June 23, 2011: Dews entered a vacant single-family home in the 5000 block of Hayes Street NE, again just after midnight, and in another densely populated area that included a home for the elderly. He intentionally started a fire that caused about $249,000 in damage. Witnesses observed Dews staring at the fire as emergency personnel arrived to combat the flames.
The statement of offense also ties Dews to three fires in Prince George’s County. They include fires May 1, 2007, in a vacant home in the 7600 block of Allendale Circle; Dec. 31, 2010, in a vacant home in the 3900 block of Warner Avenue, and May 2, 2011, in a vacant apartment in the 3900 block of Warner Avenue.
Dews was arrested July 6, 2011 and has been in custody ever since. Following his arrest, he admitted that he had set a number of fires in the District and in Maryland.
The guilty plea in the District of Columbia was part of a broader plea agreement that also covered offenses in Maryland. Under terms of the plea agreement, following today’s sentencing, Dews is to plead guilty to three counts of first-degree arson in Maryland. If approved by the judge in Maryland, Dews would be sentenced to 15 years in prison for those crimes. That prison time would run concurrently with the sentence imposed today.
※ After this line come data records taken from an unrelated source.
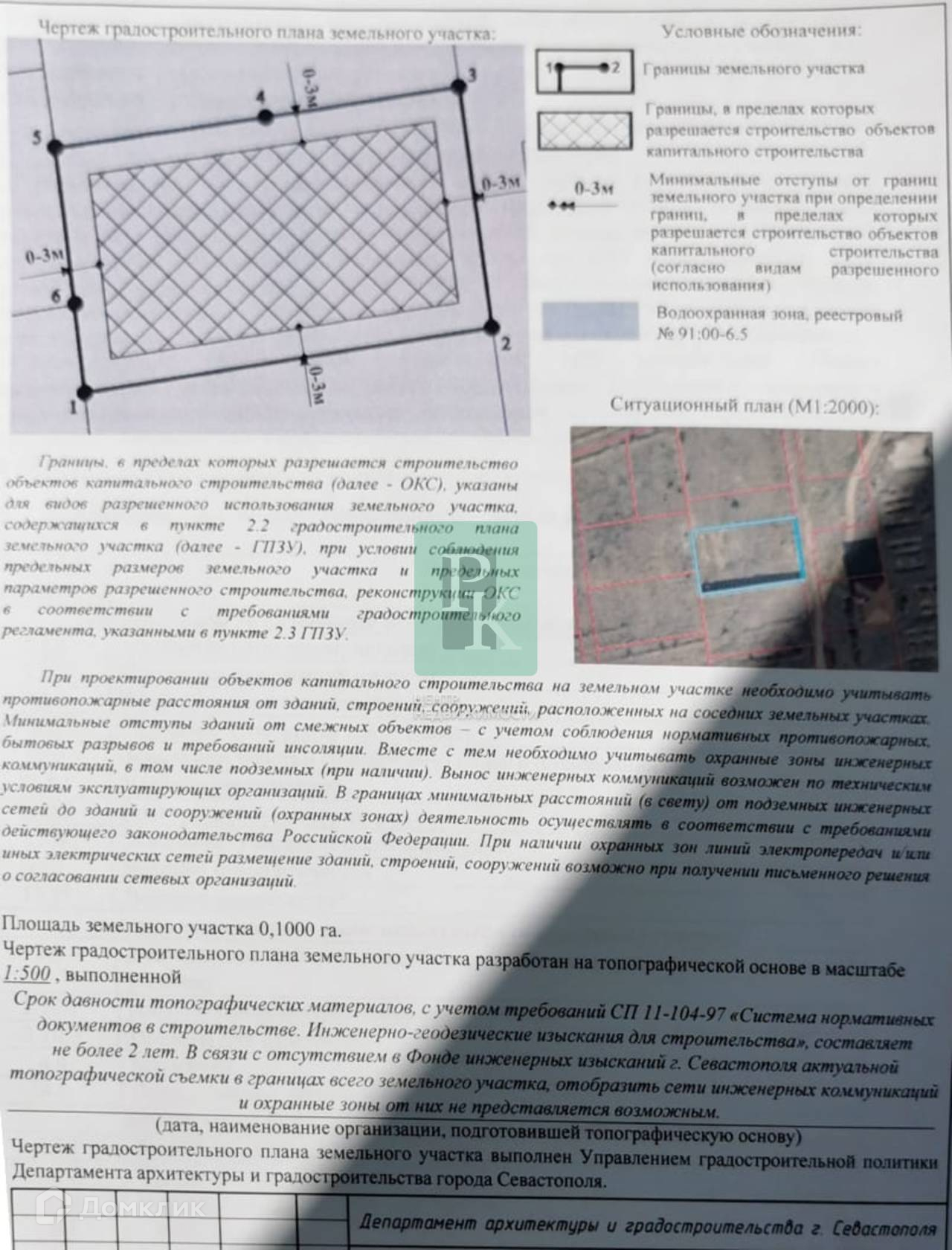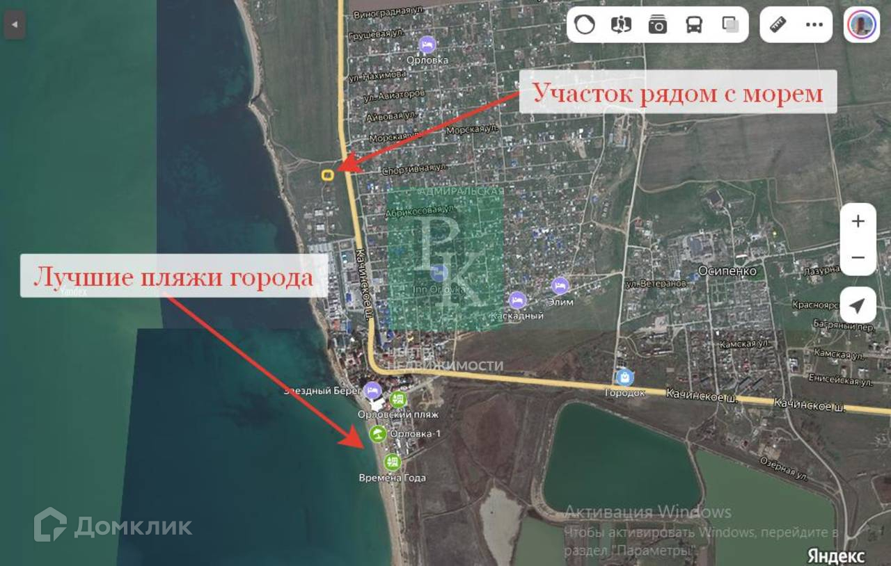 Участок находится в массиве жилой застройки с удобным подъездом, съезд с Качинского шоссе, в 100 м от моря.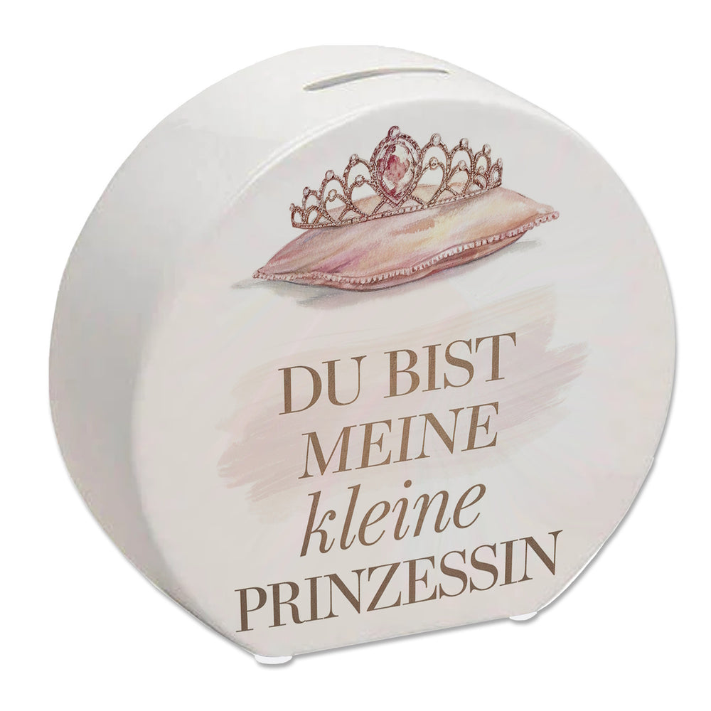 - Diese wunderschöne Spardose im ovalen Design besticht durch einen eleganten weißen Hintergrund und eine typografische Aquarell-Pastellgestaltung. Im Mittelpunkt thront eine zarte Tiara, geschmückt mit funkelnden Juwelen, auf einem weichen, pastellrosa Kissen. Der liebevolle Spruch "Du bist meine kleine Prinzessin" vollendet das Design in goldenen und rosa Schriftarten.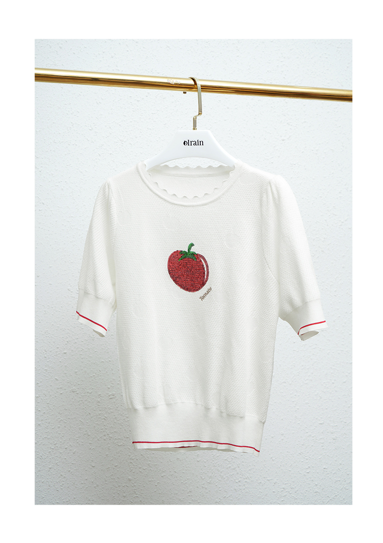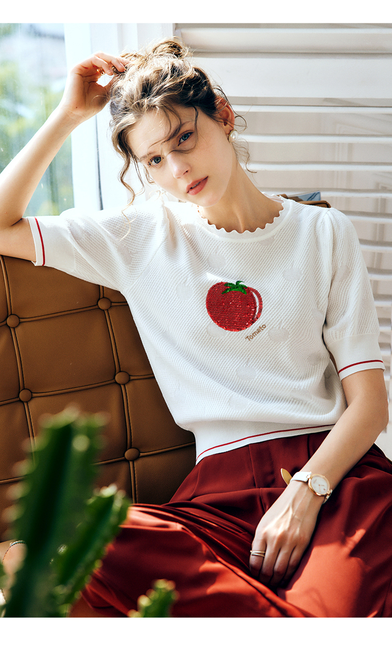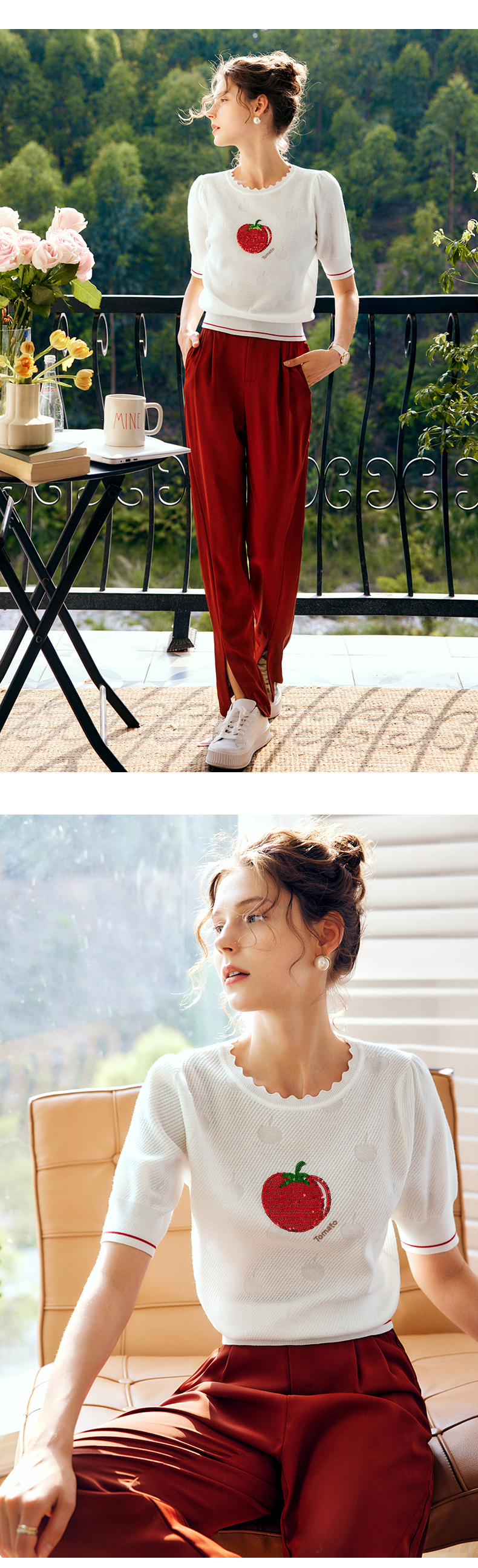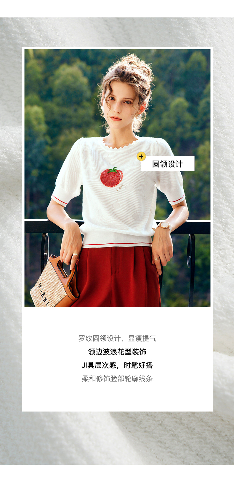 OLrain法式白色针织衫女夏季2022年新款珠片刺绣欧根纱冰丝套头衫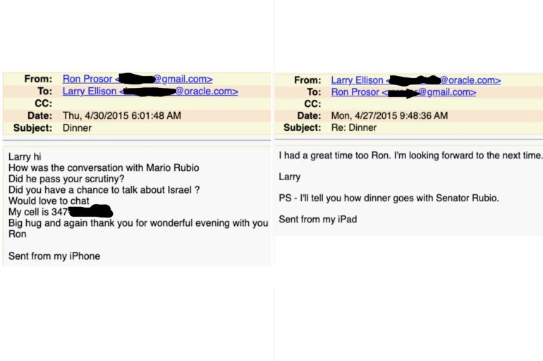 “DropSite”网站披露了一批可追溯至2015年的电子邮件,这些邮件显示了拉里·埃里森与时任以色列驻联合国大使、现任以色列驻德国大使的罗恩·普罗索尔之间持续的对话——讨论内容围绕鲁比奥对以色列政策的立场。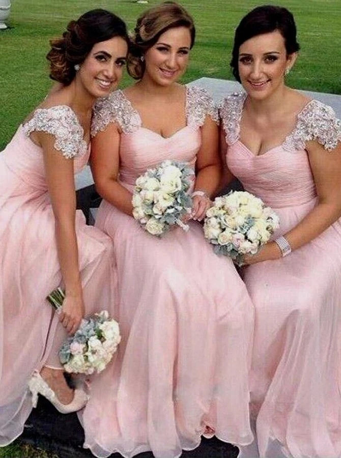 Stunning Scoop Cap Sleeves Floor Length Pink Chiffon Bridesmaid Dress with Beading (BMA2031)

The fires were investigated by the federal Bureau of Alcohol Tobacco, Firearms and Explosives (ATF); the Metropolitan Police Department (MPD); the District of Columbia Fire and Emergency Medical Services Department and the Prince George’s County Fire/EMS Department. The cases are being prosecuted by the U.S. Attorney’s Office for the District of Columbia and the Maryland State’s Attorney’s Office from Prince George’s County.
In announcing the sentence, U.S. Attorney Machen. Acting Special Agent in Charge Kumor, Chief Lanier, and Chief Ellerbe praised the bravery and dedication of all of the emergency responders who responded to the fires, particularly the injured firefighters from Rescue Squad # 3. They also commended the efforts of Investigators Keith Byrd and Tomi Rucker, of the D.C. Fire and Emergency Medical Services Department, as well as ATF investigators Steve Avato and Laura Michonis; MPD Detectives Todd Gray and Frank Molino, and Prince George’s County Fire/EMS Department Battalion Chief Paul Gomez. They also acknowledged the efforts of those who worked on the case from the U.S. Attorney’s Office, including Paralegals Tony Griffith and Antoinette Sakamsa.
Finally, they thanked Assistant Maryland State’s Attorney Christine Murphy, who is prosecuting the case in Prince George’s County, and Assistant U.S. Attorney Ephraim (Fry) Wernick, who is prosecuting the case in the District of Columbia.